Objective To assess the relation of MTHFR 677C→T polymorphism and risk of CHD by conducting a meta-analysis of individual participant data from all case-control observational studies with data on this polymorphism and risk of CHD.

Data Sources Studies were identified by searches of the electronic literature (MEDLINE and Current Contents) for relevant reports published before June 2001 (using the search terms MTHFR and coronary heart disease), hand searches of reference lists of original studies and review articles (including meta-analyses) on this topic, and contact with investigators in the field.
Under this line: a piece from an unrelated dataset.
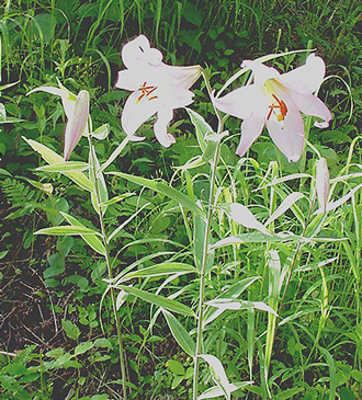 ササユリ 桜香の湯から車で国道158号を高山市清見町方面に向って1-2分という近さに、ササユリの群生地がある。場所は高山市荘川町惣則地区。初夏には辺り一面に咲くササユリの甘い香りが漂う。

Study Selection Studies were included if they had data on the MTHFR 677C→T genotype and a case-control design (retrospective or nested case-control) and involved CHD as an end point. Data were obtained from 40 (34 published and 6 unpublished) observational studies involving a total of 11 162 cases and 12 758 controls.

Data Extraction Data were collected on MTHFR 677C→T genotype, case-control status, and plasma levels of homocysteine, folate, and other cardiovascular risk factors. Data were checked for consistency with the published article or with information provided by the investigators and converted into a standard format for incorporation into a central database. Combined odds ratios (ORs) for the association between the MTHFR 677C→T polymorphism and CHD were assessed by logistic regression.

Data Synthesis Individuals with the MTHFR 677 TT genotype had a 16% (OR, 1.16; 95% confidence interval [CI], 1.05-1.28) higher odds of CHD compared with individuals with the CC genotype. There was significant heterogeneity between the results obtained in European populations (OR, 1.14; 95% CI, 1.01-1.28) compared with North American populations (OR, 0.87; 95% CI, 0.73-1.05), which might largely be explained by interaction between the MTHFR 677C→T polymorphism and folate status.

Conclusions Individuals with the MTHFR 677 TT genotype had a significantly higher risk of CHD, particularly in the setting of low folate status. These results support the hypothesis that impaired folate metabolism, resulting in high homocysteine levels, is causally related to increased risk of CHD.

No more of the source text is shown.